**WHAT THE TASK ASKS:** Could you copy out every line of the data where the word "that" occurs?

**EXERCISE INPUTS:**

····················

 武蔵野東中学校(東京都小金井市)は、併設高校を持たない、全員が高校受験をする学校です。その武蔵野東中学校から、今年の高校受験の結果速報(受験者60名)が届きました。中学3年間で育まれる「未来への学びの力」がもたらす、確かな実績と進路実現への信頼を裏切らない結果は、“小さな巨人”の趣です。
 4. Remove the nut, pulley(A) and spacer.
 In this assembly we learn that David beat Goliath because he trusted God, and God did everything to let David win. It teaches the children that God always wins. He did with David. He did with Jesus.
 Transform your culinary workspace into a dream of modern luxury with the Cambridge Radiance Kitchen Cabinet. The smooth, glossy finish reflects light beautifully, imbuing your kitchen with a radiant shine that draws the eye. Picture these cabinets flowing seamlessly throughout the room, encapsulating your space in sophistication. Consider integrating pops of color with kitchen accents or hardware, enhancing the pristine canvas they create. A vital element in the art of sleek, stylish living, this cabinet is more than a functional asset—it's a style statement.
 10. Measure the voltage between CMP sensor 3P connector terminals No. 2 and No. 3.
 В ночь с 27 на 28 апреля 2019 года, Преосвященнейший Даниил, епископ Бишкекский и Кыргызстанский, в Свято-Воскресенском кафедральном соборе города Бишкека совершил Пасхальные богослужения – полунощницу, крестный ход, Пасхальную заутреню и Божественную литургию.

····················

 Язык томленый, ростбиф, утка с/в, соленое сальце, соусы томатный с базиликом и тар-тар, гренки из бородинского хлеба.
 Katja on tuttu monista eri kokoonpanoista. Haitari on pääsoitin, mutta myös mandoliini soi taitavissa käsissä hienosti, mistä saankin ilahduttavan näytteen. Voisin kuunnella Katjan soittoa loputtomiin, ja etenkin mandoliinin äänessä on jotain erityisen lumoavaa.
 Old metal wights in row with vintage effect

····················

**SOLUTION BELOW:**
 In this assembly we learn that David beat Goliath because he trusted God, and God did everything to let David win. It teaches the children that God always wins. He did with David. He did with Jesus.
 Transform your culinary workspace into a dream of modern luxury with the Cambridge Radiance Kitchen Cabinet. The smooth, glossy finish reflects light beautifully, imbuing your kitchen with a radiant shine that draws the eye. Picture these cabinets flowing seamlessly throughout the room, encapsulating your space in sophistication. Consider integrating pops of color with kitchen accents or hardware, enhancing the pristine canvas they create. A vital element in the art of sleek, stylish living, this cabinet is more than a functional asset—it's a style statement.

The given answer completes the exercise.